─── PROVIDED DATA

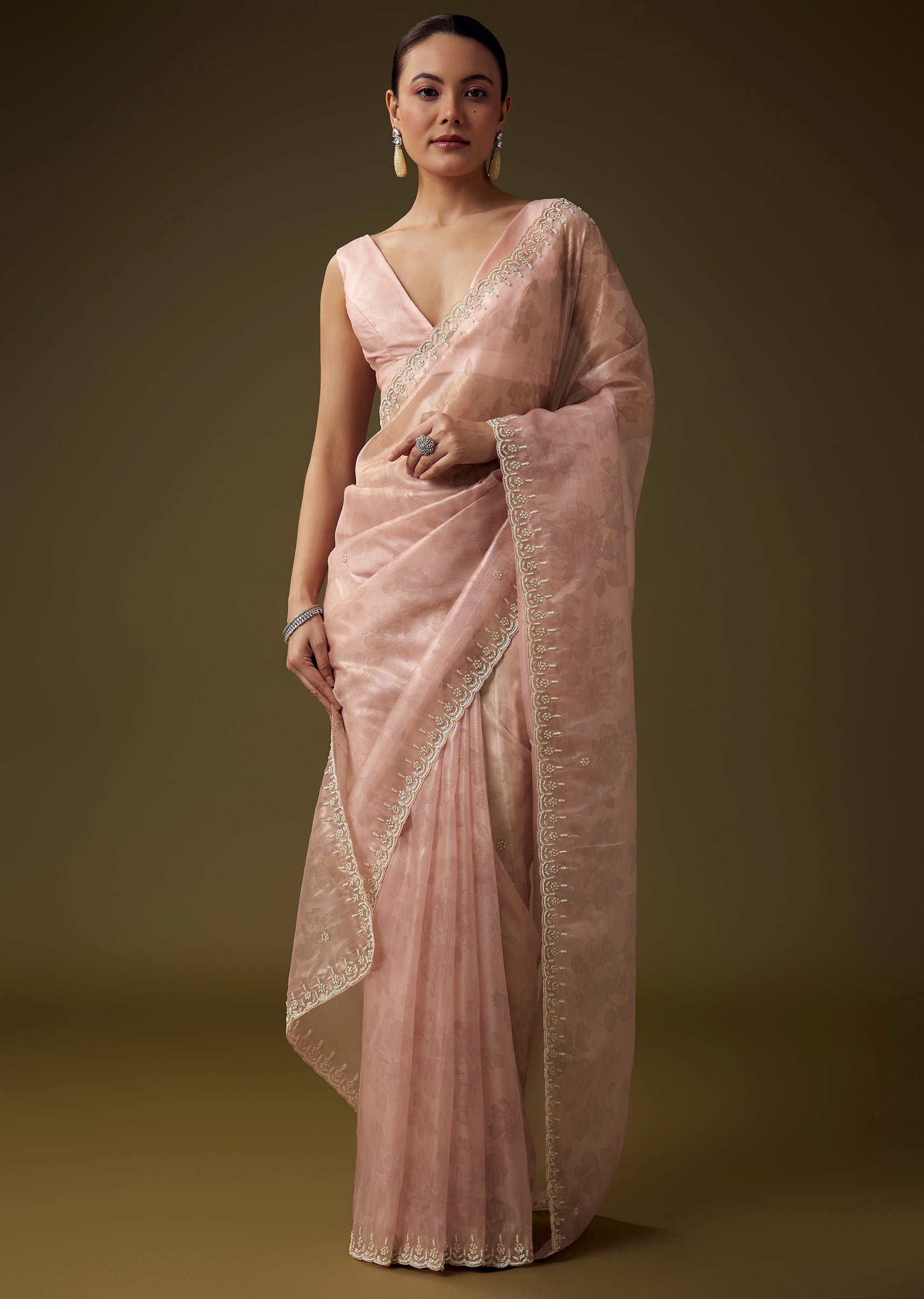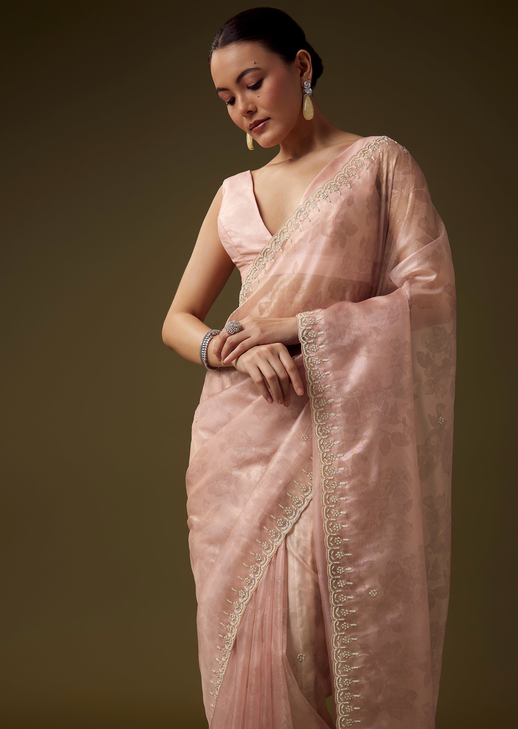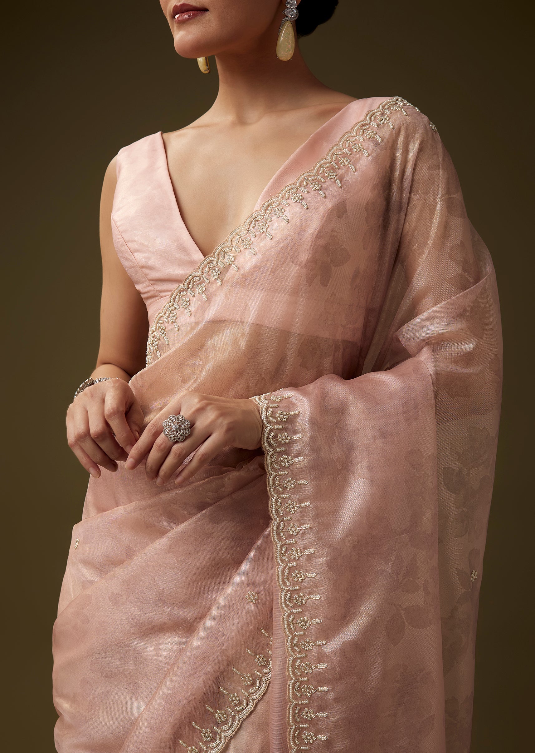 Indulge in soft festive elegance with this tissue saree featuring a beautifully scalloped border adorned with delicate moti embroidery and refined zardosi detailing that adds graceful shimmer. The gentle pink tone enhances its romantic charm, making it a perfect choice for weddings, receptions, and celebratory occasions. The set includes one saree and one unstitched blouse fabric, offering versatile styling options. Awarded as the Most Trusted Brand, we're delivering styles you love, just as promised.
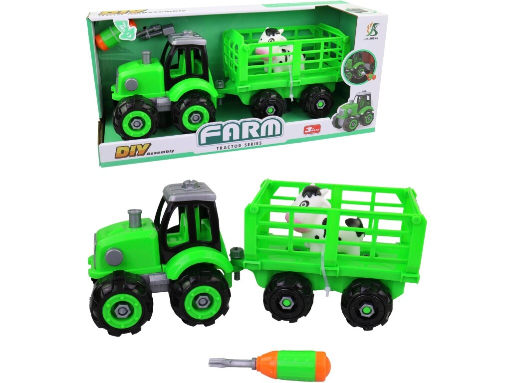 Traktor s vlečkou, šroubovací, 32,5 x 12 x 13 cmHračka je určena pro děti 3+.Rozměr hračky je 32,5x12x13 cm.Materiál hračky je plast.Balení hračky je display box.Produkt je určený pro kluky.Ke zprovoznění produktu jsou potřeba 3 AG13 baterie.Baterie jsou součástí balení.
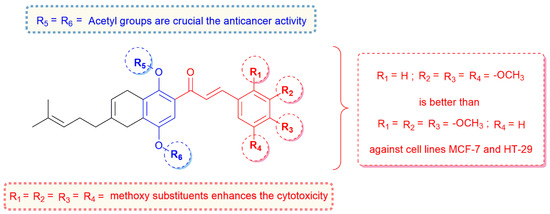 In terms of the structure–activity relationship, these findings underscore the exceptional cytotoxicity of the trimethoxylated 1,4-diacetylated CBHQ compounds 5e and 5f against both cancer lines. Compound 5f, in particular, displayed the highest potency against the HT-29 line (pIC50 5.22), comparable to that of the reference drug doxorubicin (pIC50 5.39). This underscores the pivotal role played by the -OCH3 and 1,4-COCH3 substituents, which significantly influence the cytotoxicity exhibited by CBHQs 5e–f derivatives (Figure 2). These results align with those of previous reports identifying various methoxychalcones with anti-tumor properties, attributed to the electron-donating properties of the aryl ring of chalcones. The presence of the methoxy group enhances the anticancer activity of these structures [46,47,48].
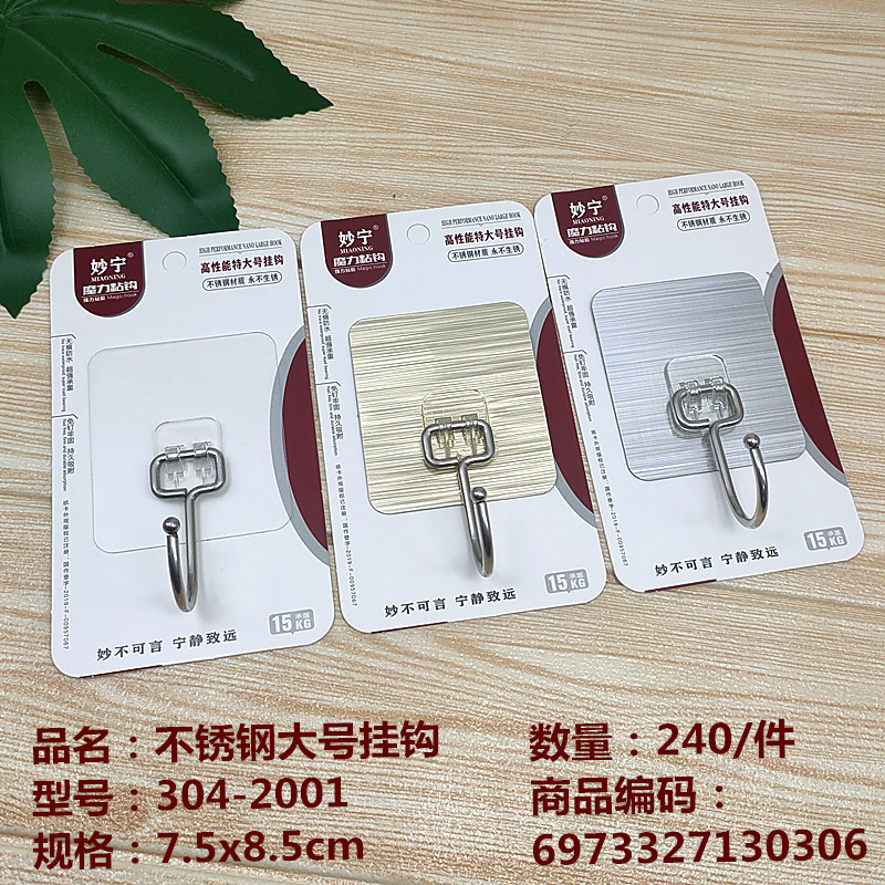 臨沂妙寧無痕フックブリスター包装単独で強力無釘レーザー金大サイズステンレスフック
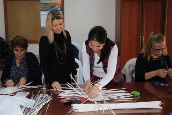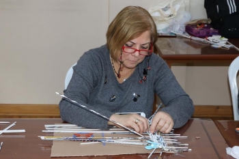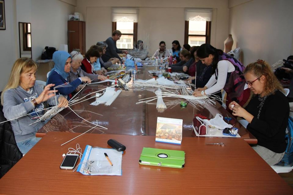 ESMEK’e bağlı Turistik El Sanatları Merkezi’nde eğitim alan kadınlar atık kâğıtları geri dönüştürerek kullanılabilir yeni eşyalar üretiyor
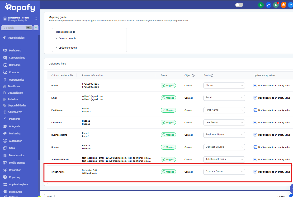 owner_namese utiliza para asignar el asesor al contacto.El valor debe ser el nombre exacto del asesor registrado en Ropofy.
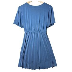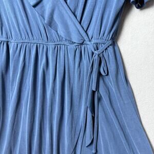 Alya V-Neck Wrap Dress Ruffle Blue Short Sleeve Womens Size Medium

──────

- YOUR GOAL -
Repeat the data word for word. Skip the pictures.

- RESULT OF THIS EXERCISE -
 Indulge in soft festive elegance with this tissue saree featuring a beautifully scalloped border adorned with delicate moti embroidery and refined zardosi detailing that adds graceful shimmer. The gentle pink tone enhances its romantic charm, making it a perfect choice for weddings, receptions, and celebratory occasions. The set includes one saree and one unstitched blouse fabric, offering versatile styling options. Awarded as the Most Trusted Brand, we're delivering styles you love, just as promised.
 Traktor s vlečkou, šroubovací, 32,5 x 12 x 13 cmHračka je určena pro děti 3+.Rozměr hračky je 32,5x12x13 cm.Materiál hračky je plast.Balení hračky je display box.Produkt je určený pro kluky.Ke zprovoznění produktu jsou potřeba 3 AG13 baterie.Baterie jsou součástí balení.
 In terms of the structure–activity relationship, these findings underscore the exceptional cytotoxicity of the trimethoxylated 1,4-diacetylated CBHQ compounds 5e and 5f against both cancer lines. Compound 5f, in particular, displayed the highest potency against the HT-29 line (pIC50 5.22), comparable to that of the reference drug doxorubicin (pIC50 5.39). This underscores the pivotal role played by the -OCH3 and 1,4-COCH3 substituents, which significantly influence the cytotoxicity exhibited by CBHQs 5e–f derivatives (Figure 2). These results align with those of previous reports identifying various methoxychalcones with anti-tumor properties, attributed to the electron-donating properties of the aryl ring of chalcones. The presence of the methoxy group enhances the anticancer activity of these structures [46,47,48].
 臨沂妙寧無痕フックブリスター包装単独で強力無釘レーザー金大サイズステンレスフック
 ESMEK’e bağlı Turistik El Sanatları Merkezi’nde eğitim alan kadınlar atık kâğıtları geri dönüştürerek kullanılabilir yeni eşyalar üretiyor
 owner_namese utiliza para asignar el asesor al contacto.El valor debe ser el nombre exacto del asesor registrado en Ropofy.
 Alya V-Neck Wrap Dress Ruffle Blue Short Sleeve Womens Size Medium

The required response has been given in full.